Final diagnostic script

# import libraries for logging
import logging
from pathlib import Path
from pprint import pformat

from esmvaltool.diag_scripts.shared import run_diagnostic, group_metadata

import iris
import iris.quickplot
import matplotlib.pyplot as plt

#from esmvaltool.diag_scripts.shared.plot import quickplot

logger = logging.getLogger(Path(__file__).stem)

def main(cfg):
    """Compute the time average for each input dataset."""
    # Get a description of the preprocessed data that we will use as input.
    input_data = cfg['input_data'].values()

    #selections = select_metadata(input_data, short_name='tas', project='CMIP6')
    #logger.info("Example of how to select only CMIP6 temperature data:\n%s",
                #pformat(selections))

    # Example of how to loop over dervied variables
    groups = group_metadata(input_data, 'variable_group', sort='dataset')
    for group_name in groups:
        logger.info("Processing variable %s", group_name)
        for attributes in groups[group_name]:
            logger.info("Processing dataset %s", attributes['dataset'])
            input_file = attributes['filename']
            var_name   = attributes['short_name']
            cube = iris.load_cube(input_file)

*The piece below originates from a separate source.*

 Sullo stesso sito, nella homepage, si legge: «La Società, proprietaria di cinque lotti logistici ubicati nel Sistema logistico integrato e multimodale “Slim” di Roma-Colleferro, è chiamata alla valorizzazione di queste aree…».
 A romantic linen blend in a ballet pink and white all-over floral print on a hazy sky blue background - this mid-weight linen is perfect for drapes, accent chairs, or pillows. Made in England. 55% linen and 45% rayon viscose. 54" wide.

            basename = Path(input_file).stem
            plot_dir = cfg['plot_dir']
            file_type = cfg['output_file_type']

            plt.figure()
            if "tas_map" in group_name:
                iris.quickplot.pcolormesh(cube,cmap='RdBu')
                plt.gca().coastlines()
                plt.colorbar()

            if "tas_ts" in group_name:
                plot = iris.quickplot.plot(cube)

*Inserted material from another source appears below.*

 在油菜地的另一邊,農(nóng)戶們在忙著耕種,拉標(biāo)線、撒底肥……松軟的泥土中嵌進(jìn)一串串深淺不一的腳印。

            plt.savefig(plot_dir+'/'+group_name+'_'+basename+'.'+file_type)

            """
            if cfg.get('quickplot'):
                #Create the plot
                quickplot(cube, **cfg['quickplot'])
                #And save the plot
                save_figure(basename, provenance_record, cfg)
            """


if __name__ == '__main__':

    with run_diagnostic() as config:
        main(config)

Browser the final result at:

http://ns9560k.web.sigma2.no/diagnostics/esmvaltool/yanchun/tmp/recipe_mydiag_20230530_140124/

Note, there is no figure shown in the index page, probablly because we don’t use the esmvaltool save_figure() function. And we lack the provenance_record for the generated data and plots, as it is not properly done yet in the diagnostic script.